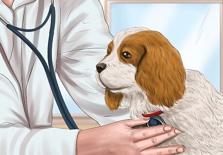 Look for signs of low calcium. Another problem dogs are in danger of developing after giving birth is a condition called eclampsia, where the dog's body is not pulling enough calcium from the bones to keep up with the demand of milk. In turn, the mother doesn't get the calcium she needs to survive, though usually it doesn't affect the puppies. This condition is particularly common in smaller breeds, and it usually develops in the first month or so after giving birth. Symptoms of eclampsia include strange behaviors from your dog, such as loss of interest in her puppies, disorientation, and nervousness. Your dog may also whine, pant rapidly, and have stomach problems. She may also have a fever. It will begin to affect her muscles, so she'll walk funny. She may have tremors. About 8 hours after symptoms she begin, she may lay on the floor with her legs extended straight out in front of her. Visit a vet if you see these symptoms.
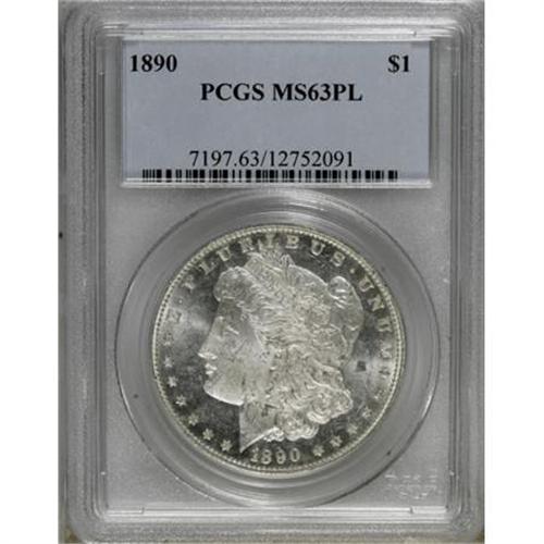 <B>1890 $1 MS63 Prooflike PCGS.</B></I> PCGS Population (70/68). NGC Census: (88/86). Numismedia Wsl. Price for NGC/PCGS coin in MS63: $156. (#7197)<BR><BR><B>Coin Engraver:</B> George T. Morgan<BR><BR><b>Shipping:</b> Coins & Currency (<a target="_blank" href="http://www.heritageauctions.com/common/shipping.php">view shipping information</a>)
-*-
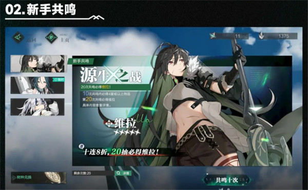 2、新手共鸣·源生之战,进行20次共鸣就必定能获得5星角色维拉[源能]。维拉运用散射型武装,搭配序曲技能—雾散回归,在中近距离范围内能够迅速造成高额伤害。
-*-
● What you will do: Reproduce, word for word, everything in the listing above from the line containing "Look for signs" down to the line containing "<B>1890 $1 MS63", both of them included. No pictures.

● Response:
 Look for signs of low calcium. Another problem dogs are in danger of developing after giving birth is a condition called eclampsia, where the dog's body is not pulling enough calcium from the bones to keep up with the demand of milk. In turn, the mother doesn't get the calcium she needs to survive, though usually it doesn't affect the puppies. This condition is particularly common in smaller breeds, and it usually develops in the first month or so after giving birth. Symptoms of eclampsia include strange behaviors from your dog, such as loss of interest in her puppies, disorientation, and nervousness. Your dog may also whine, pant rapidly, and have stomach problems. She may also have a fever. It will begin to affect her muscles, so she'll walk funny. She may have tremors. About 8 hours after symptoms she begin, she may lay on the floor with her legs extended straight out in front of her. Visit a vet if you see these symptoms.
 <B>1890 $1 MS63 Prooflike PCGS.</B></I> PCGS Population (70/68). NGC Census: (88/86). Numismedia Wsl. Price for NGC/PCGS coin in MS63: $156. (#7197)<BR><BR><B>Coin Engraver:</B> George T. Morgan<BR><BR><b>Shipping:</b> Coins & Currency (<a target="_blank" href="http://www.heritageauctions.com/common/shipping.php">view shipping information</a>)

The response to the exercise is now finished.